Dr. Brown works one day a week at the University of Maryland college hospital, teaching third-year medical students what he called “non-coercive interview techniques”—ways of extracting information from their patients as a journalist would from a source.

“I think it is absolutely imperative that when you are doing your journalistic work and talking to patients, that you make it abundantly clear to them that you’re working as a journalist, and all of the anxiety and guardedness that should obtain when people are dealing with journalists needs to obtain when they’re dealing with me,” he said. “It’s very easy, I think, to slide into a trade on the incredible trust that patients put in physicians—even not their own physicians, just people who are part of the priesthood. They’re very trusting.”

Like Dr. LaPook, Dr. Snyderman and Fox’s “Dr. Manny,” Dr. Gawande’s other job prevented him from giving an interview. “[T]oday I’m a doctor,” he wrote in an e-mail, “and will not have enough time between operations.”

Dr. LaPook graduated in 1975 from Yale University, where he was a member of the Society of Orpheus and Bacchus, an a cappella group that calls themselves “the S.O.B.’s.” Generally revered by his patients, and increasingly revered by his new colleagues at CBS, Dr. LaPook has a reputation for being gregarious, and has been making rounds in the CBS newsroom introducing himself, according to two network sources. Aside from a number of interviews with Ms. Couric on the Today show—and setting up that on-screen colonoscopy that contributed to Ms. Couric’s winning a 2001 Peabody—Dr. LaPook has no significant media experience. Since joining CBS, according to those sources, he has received extensive script-writing advice and teleprompter training.

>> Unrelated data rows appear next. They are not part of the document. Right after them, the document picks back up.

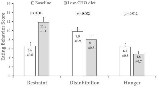 Dietary restraint was significantly increased (~102 ± 21%) from baseline to week 4 after the low-CHO diet, while both disinhibition (~17 ± 7%) and hunger scores were significantly reduced (22 ± 9%) from baseline to week 4 in the entire cohort (Figure 4). No significant main effect of sex was found for any of the three TEFQ subscales (p > 0.05).
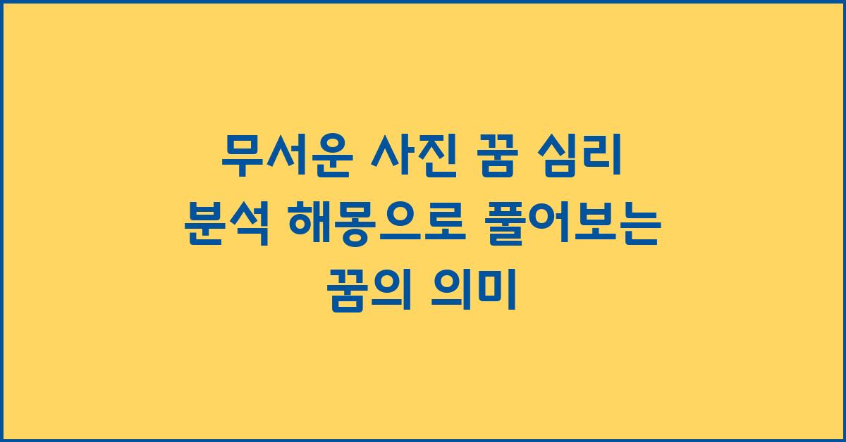 무서운 사진 꿈을 꿨다면, 그 의미는 단순히 악몽이 아닙니다. 심리 분석 해몽을 통해 여러분의 내면을 들여다보고, 꿈의 실질적인 의미를 알아봅시다.
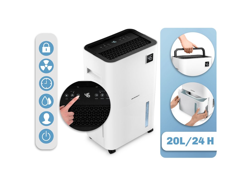- Három üzemmód – párátlanítás, folyamatos párátlanítás, ruhaszárítás.
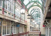 Grudgingly, and with bad grace, the Council began the long process of providing a water supply, drainage system, burial grounds and waste disposal facilities. The Courts began to be tackled, and it was their thin, linear form that would set the template for the arcades to come, since this was the piecemeal way the land was sold. The Cardiff Arcade Company, encouraged by the thriving Church Street Arcade, was formed by a group of landowners to try to replicate its success. They acquired and cleared the cottages of Tabernacle Court and Colliers Arms Court and hired architect Peter Price (c1815-c1890) to design the Royal Arcade. It was completed in 1858 and boasted an Italianate frontage with twin pedimented gables at the St Mary Street end and panelled chambers on its upper level. The trademark eclecticism of Cardiff’s arcades was established by the sheer variety of the first set of occupants. Hatters, hosiers, milliners, ironmongers, tobacconists, gunmakers, engravers, watchmakers, jewellers, wine merchants and confectioners were there, as well as one-offs like John Cording, taxidermist, William Bibbings, china dealer, and Asher Finkelstone, toys and fancy goods. None of those original businesses are in the Royal Arcade 150 years later, but some of the Victorian store-fronts have been preserved, the St Mary Street entrance survives and the slight kink in the Arcade’s course is a ghostly remnant of the boundary between the two Courts it replaced.
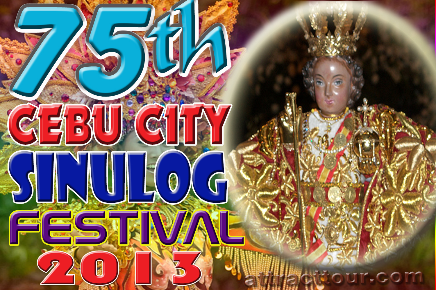 Sinulog Festival 2013 in Cebu City is the most celebrated festivity in the whole Philippines that causes massive attraction both domestic and foreign visitors. On the day of celebration the heart of the city is flooded with thousands of people specially those streets near the Basilica del Santo Niño church where the Child King is being placed for dwelling. The long procession of Santo Niño passing in different streets of the city is one of the reasons for the massive increase of people coming to join the parade to fulfill their vows.
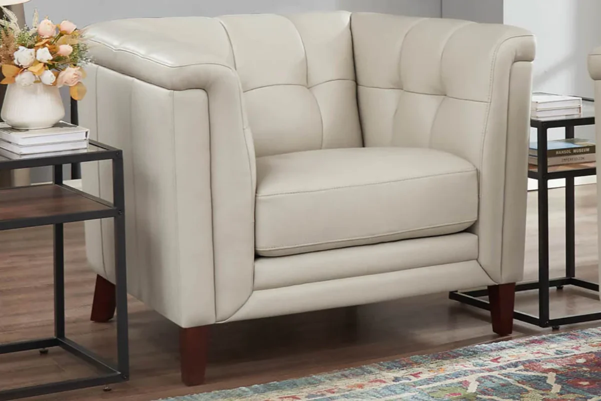 Premium Leather: Top-grain leather is upholstered on the seating areas and armrests. Split-grain leather is used on the sides and back.

“That happens with everybody,” said Mr. Hartman. Dr. LaPook has been paired “with experienced producers, who are trying to make sure his pieces are up to the standards we set for all our correspondents.”

Among Dr. LaPook’s contributions to the medical field is one of the first electronic medical textbooks, which he developed in the 1980’s. He and his wife, Kate Lear, have two children and live on Central Park West. They occasionally attend Ms. Couric’s philanthropic benefits, have donated tens of thousands of dollars to Democratic candidates and support independent theater.